Biological and phylogenetic characteristics of West African lineages of West Nile virus

Abstract

The West Nile virus (WNV), isolated in 1937, is an arbovirus (arthropod-borne virus) that infects thousands of people each year. Despite its burden on global health, little is known about the virus' biological and evolutionary dynamics. As several lineages are endemic in West Africa, we obtained the complete polyprotein sequence from three isolates from the early 1990s, each representing a different lineage. We then investigated differences in growth behavior and pathogenicity for four distinct West African lineages in arthropod (Ap61) and primate (Vero) cell lines, and in mice. We found that genetic differences, as well as viral-host interactions, could play a role in the biological properties in different WNV isolates in vitro, such as: (i) genome replication, (ii) protein translation, (iii) particle release, and (iv) virulence.
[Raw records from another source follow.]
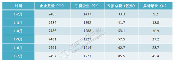 據9月初中商產業研究院數據顯示:截止2018年7月底,我國醫藥行業規模以上企業數量達到7497家,其中虧損企業數量1221家,虧損面16.3%,較上個月提高了0.1個百分點,2018年前7個月醫藥行業虧損總額85.5億元,累計同比增長45.4%。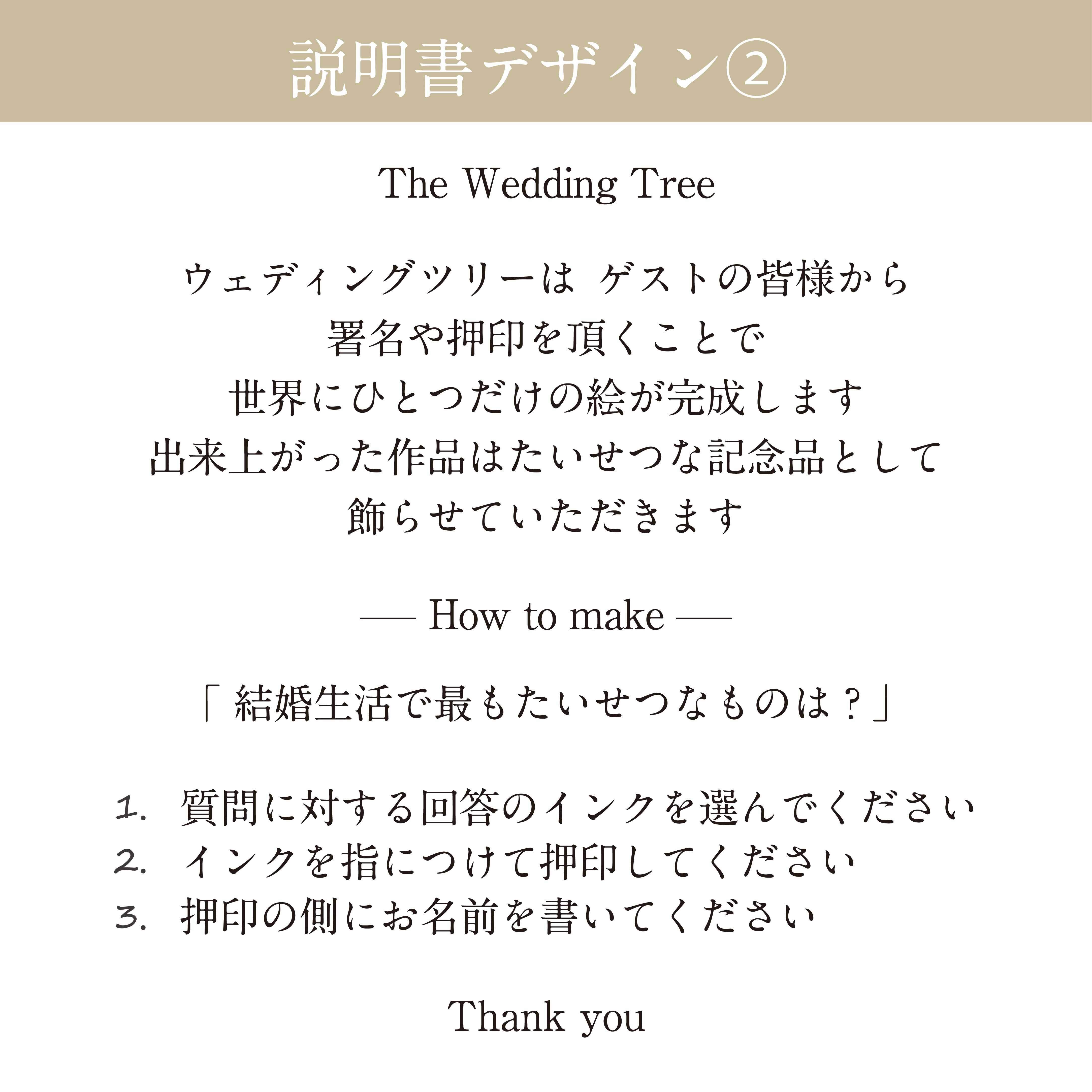 ・作品と同じイラストが描かれたウェディングツリー説明書(A5サイズ)を1枚無料でお付けいたします。デザインについてはオプションより選択ください。
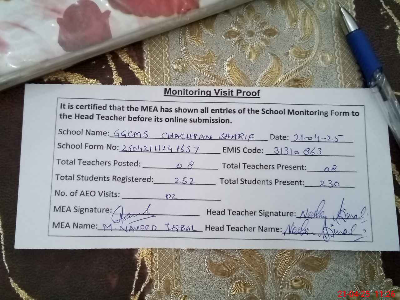 | Attendance Register | Head Teacher | MEA with School | Visit Proof |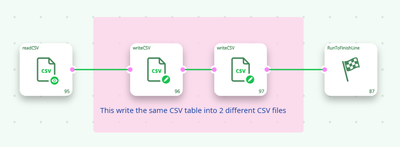 The RunToFinishLine action defines which part of the script will be executed when you click on the execute button inside the main toolbar of ETL. Let’s give more details, using another small example;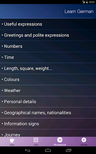 Aplikasi ini berisi pertanyaan, jawaban, kata dan frasa, yang memungkinkan pengguna untuk berkomunikasi dalam situasi standar yang terkait dengan perjalanan dan tinggal di luar negeri dan dapat digunakan sebagai bantuan dasar bahasa.

Our findings demonstrate the endemic diversity of West African WNV strains and support future investigations into (i) the nature of WNV emergence, (ii) neurological tropism, and (iii) host adaptation.

Fig 1. The genetic diversity of the West Nile virus lineages.

A) Pairwise percent identity between nucleotide (blue) and amino acid (orange) sequences of the polyprotein. Sequences are labeled in the following format: accession number, 2-letter country code, and year of isolation. B) Genomic structure of West Nile virus with genes labeled. Alignments of known virulence motifs are shown. Codons of special interest are labeled by their position at each individual protein sequence and not by their position in the polyprotein. Sequences are labeled by country, year of isolation and phylogenetic lineage.

Fig 2. Bayesian maximum clade credibility tree estimating the phylogenetic relationships of West Nile virus.

Tree nodes with a posterior probability greater than 0.7 are displayed. Tree tip nodes are colored by proposed lineage and for visual clarity. For each sequence, the two-letter code representing a country of isolation is included in the sequence label. Branches are scaled in years before 2015. ^# NY99 strain.

Fig 3. Growth kinetics of West African West Nile virus strains.

The strain lineage label is in reference to the strains in Table 1. Figs A-D show the amount of viral RNA equivalents isolated from cells (A and B) and supernatant (C and D) (log₁₀ of RNA copy number), the percent (% immunofluorescence) of cells infected (E and F) and the number of infectious viral particles (G and H) (log₁₀PFU/ml) over a 146-hour post-infection time period. The experiments were performed with Ap61 cells (left column) and Vero cells (right column). The error bars indicate the range in values of two independent experiments.

Fig 4. Replication Efficiency of West Nile virus in vitro.

Replication efficiency of West African strains in Ap61 and Vero cell lines over 146 hour post-infection period. The error bars indicate the range in values of two independent experiments.

Fig 5

Survival curves of 5- to 6-week-old mice following intraperitoneal infection with (A) 10,000, (B) 1,000 and (C) 100 PFU. Mice were monitored daily for 21 days. Except in (C) when comparing lineage 8 and lineage 1, all survival curves were significantly different (Wilcoxon rank sum test, p-values < 0.05).